Here's my plan, thoughts, and questions:

* Continue to keep up with classes and homework.

* 2-3 weeks before the exam, will be the review period

During the 2-3 weeks before the exam, look over all the problems I've solved (not enough time to re-do so many), and do the following:

1) NCEES practice exam book

2) MERM practice exam book

3) Six-Minute Solutions - Thermo (All) and Materials (AM section)

Note: My afternoon concentration is Thermo / Power / Fluids

Another concern is that I mainly do US units, rarely SI. For Thermo and Fluids, I've pretty much exclusively used US units.

I don't want to get confident here, but I do believe that the exam problems might be easier than the HM problems. But one little mistake can throw me off of course.

I feel that my preparation is cook-book format.

I do a lot of problems using the solutions and writing down the steps, almost as if I'm writing a step-by-step instruction manual for myself.

I don't know if that's going to cut it though.

I am disciplined and sacrificing so much these four months. While I'm not as dedicated as I should be (there's always more of course), I routinely study for many hours in the library on Sundays and sometimes stay after work for 3-5 hours in the late night reviewing problems.


----------



## Master slacker (Sep 20, 2010)

1) Breathe

2) Work as many problems as you can

3) Breathe

4) Tab your books *NOW *and practice with the tabs (do a search for tabbing methods)

5) Work as many problems as you can

6) Work the 6MS problems *NOW*. They won't be easy or even practical to finish in 6 minutes the first time around, but you'll know the material afterwards.

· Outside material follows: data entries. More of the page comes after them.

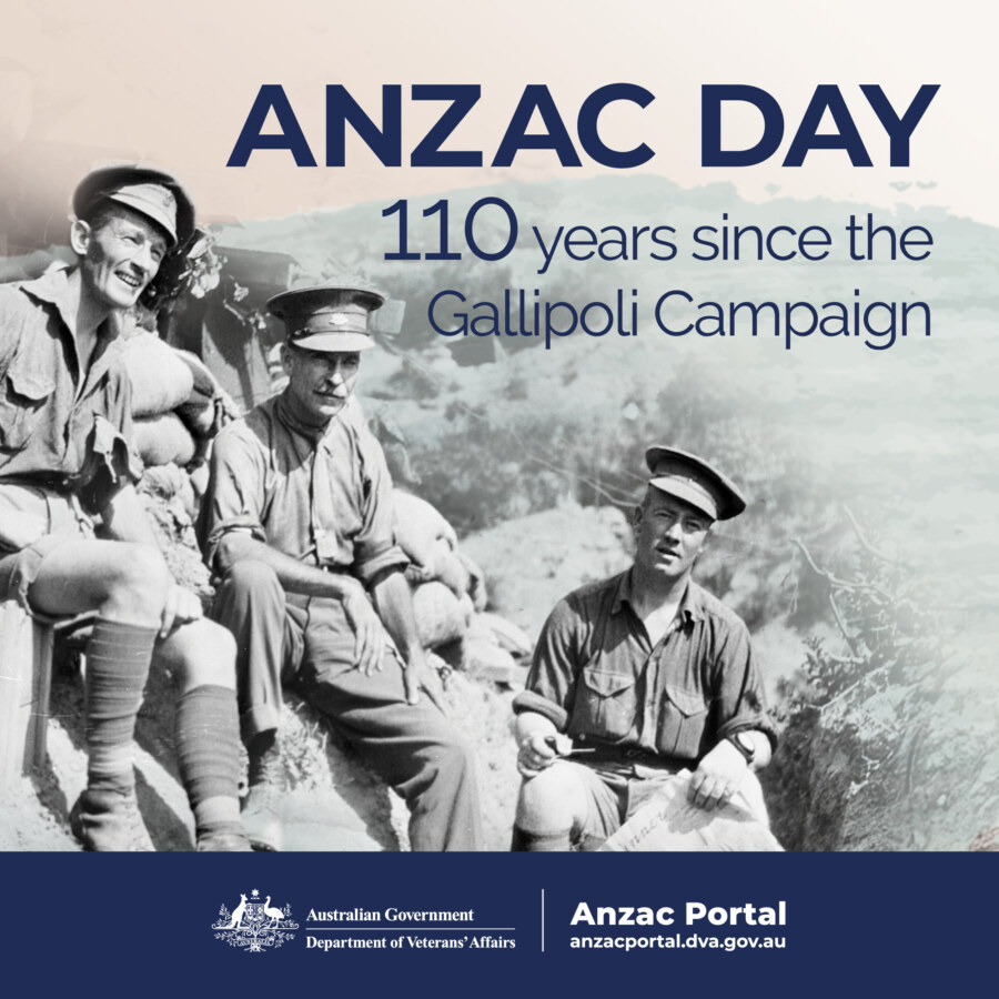 The image pictured, commemorates 110 years since the Gallipoli Campaign involving the Australian and New Zealand Army Corps and the Royal Australian Navy. Major Ernest Morgan Williams, Brigadier General Henry George Chauvel and Captain Walter Percy Farr sitting in front of Courtney’s Post.
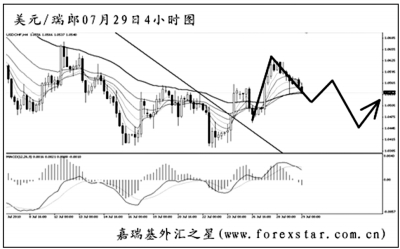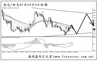 ▲美元兌瑞郎此前4小時圖中發(fā)生了一連串的MACD底背離信號,空頭動能持續(xù)減弱。目前匯價已將包含背離點的下降趨勢線升破,預(yù)計后市將發(fā)生一波較為明顯的反彈。美元兌瑞郎的風(fēng)險在于重新下探一次前方低點1.0400一線,但再創(chuàng)新低的希望已經(jīng)不大。
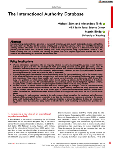 Zuern, M., Tokhi, A. and Binder, M. orcid id iconORCID: https://orcid.org/0000-0002-9144-3979 (2021) The international authority database. Global Policy, 12 (4). pp. 430-442. ISSN 1758-5899 doi: 10.1111/1758-5899.12971
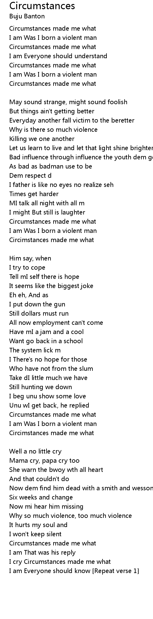 I cry Circumstances made me what |
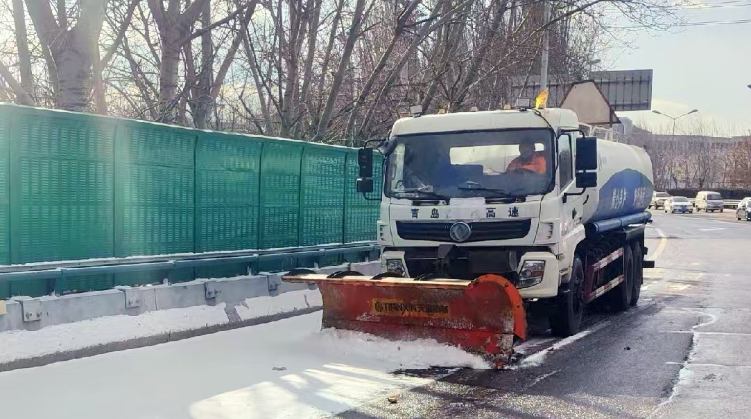 1月8日至9日,青岛市中北部地区及市区东部范围内出现冷流降雪,青岛乐鱼在线注册_乐鱼(中国)集团旗下青岛高速所辖青银高速、青新高速、沈海高速、龙青高速等多个交通主干道被雪覆盖。此次降雪具有分散性高、短时降雪量大的特点,为有效应对可能出现的积雪及结冰问题,青岛高速以雪为令,第一时间启动除雪防滑应急预案,科学制定除雪防滑措施,多措并举保障通行安全,打响2025年除雪保畅“第一仗”。(图为推雪铲车在青银高速流亭立交匝道对应急车道进

7) Two weeks before test, work a practice test. I did the MERM test one month before and then the NCEES test two weeks before.

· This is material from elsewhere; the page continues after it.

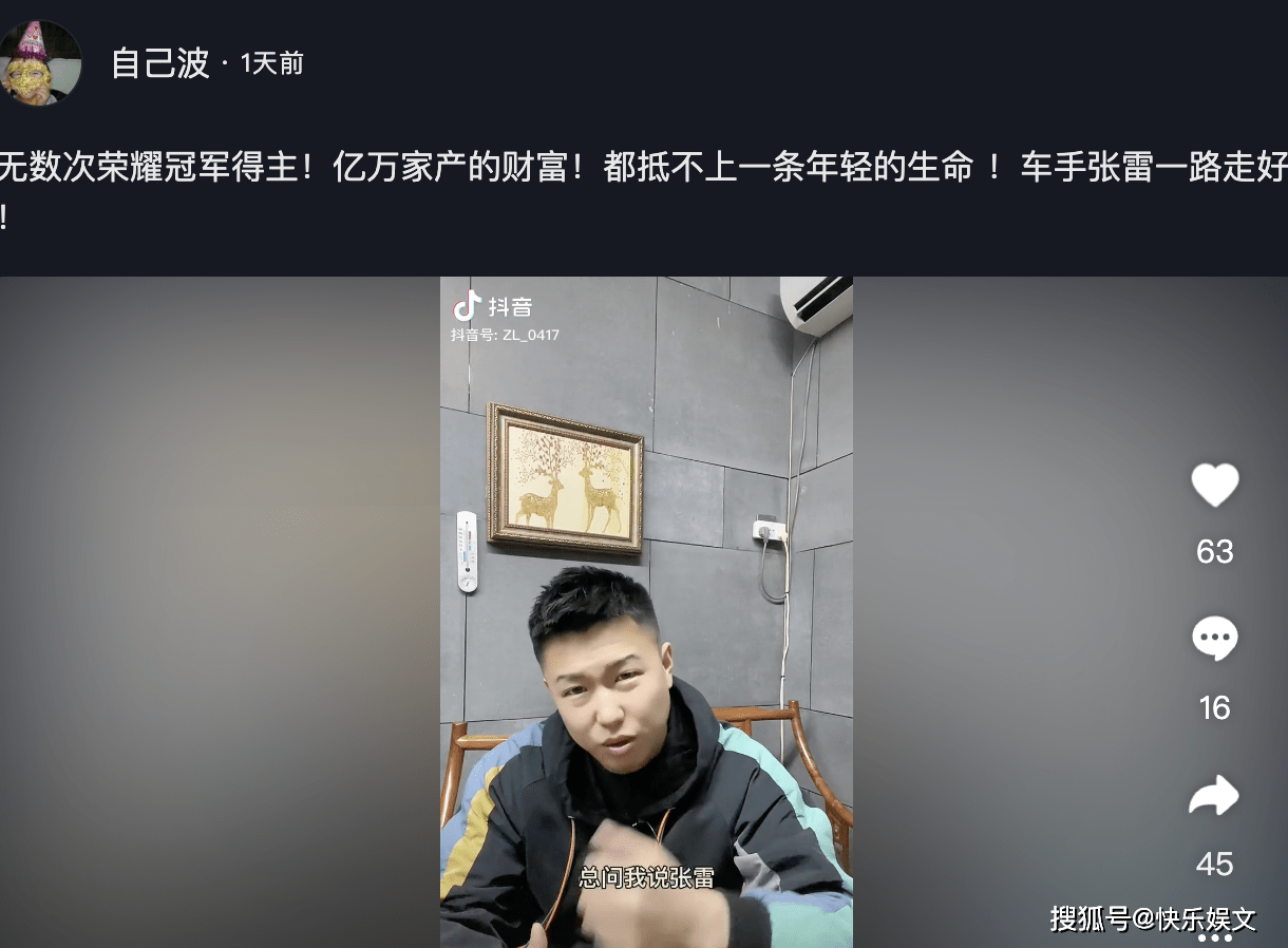 據悉,張雷並不是一位普通的賽車手,他的個人身家非常豐厚,坐擁億萬身家,沒想到卻這麼年輕就去世了。
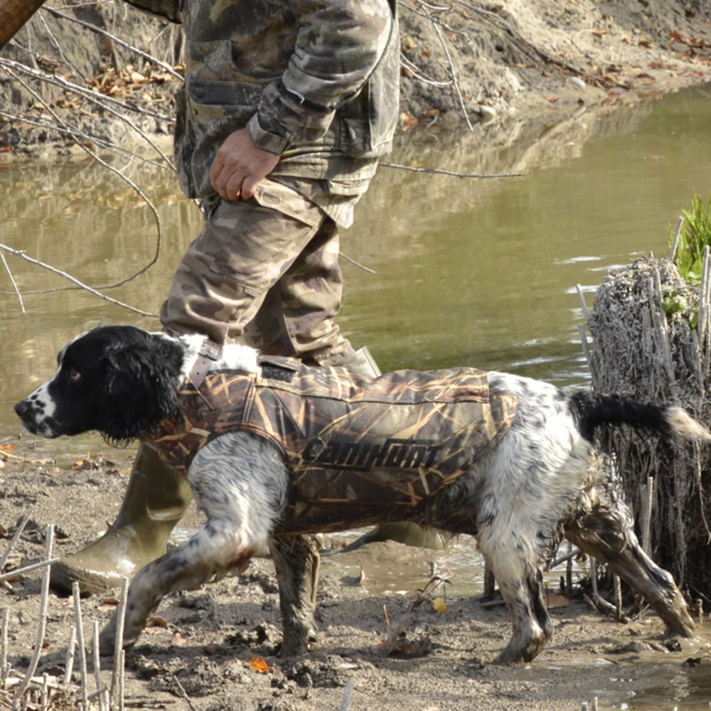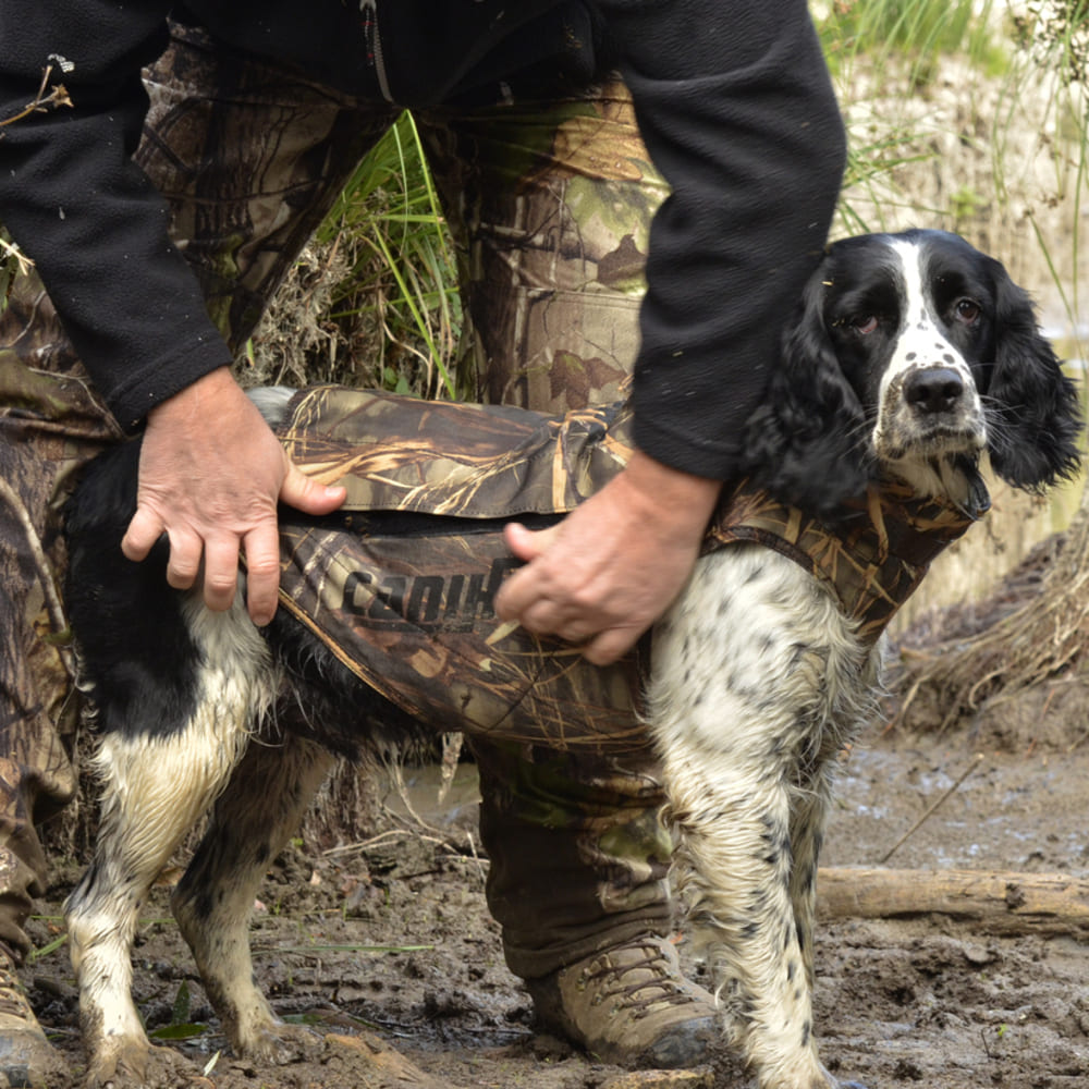 Das exklusive Schilf-Tarnmuster macht deinen Hund bei der Wasserjagd nahezu unsichtbar und erhöht so den Jagderfolg. -

Honestly, I would stop writing notes on how to do everything and spend that time working problems. The more you do, the less you'll have to rely on notes because it'll become second nature. That's just me, though.


----------



## navyasw02 (Sep 20, 2010)

Agreed with the above. I started reading each chapter of the MERM and found that was a waste of time. Do problems until you run out of them. You'll learn more looking up and applying the stuff you dont know than you will by writing down stuff you probably already do know and just dont realize it.

Dont despair. I'm currently in school for my MSME and there's problems I cant even do in there.


----------



## Shaggy (Sep 21, 2010)

Are you taking review course taught by Rich Davis? He is good. Follow the link in my sig to the tabbing thread. Agree with the above as well. Work as many problems as you can.


----------



## abourne (Sep 21, 2010)

Shaggy said:


> Are you taking review course taught by Rich Davis?


Yes, Rich is my instructor. He is good.

I would also like to have the Appendicies in a separate folder.

I will look over your tabbing thread as well.


----------



## Shaggy (Sep 21, 2010)

Good. Listen to what Rich has to say about topics to focus on and topics to briefly study. He is very experienced... You'll do fine.


----------



## navyasw02 (Sep 21, 2010)

Shaggy said:


> Good. Listen to what Rich has to say about topics to focus on and topics to briefly study. He is very experienced... You'll do fine.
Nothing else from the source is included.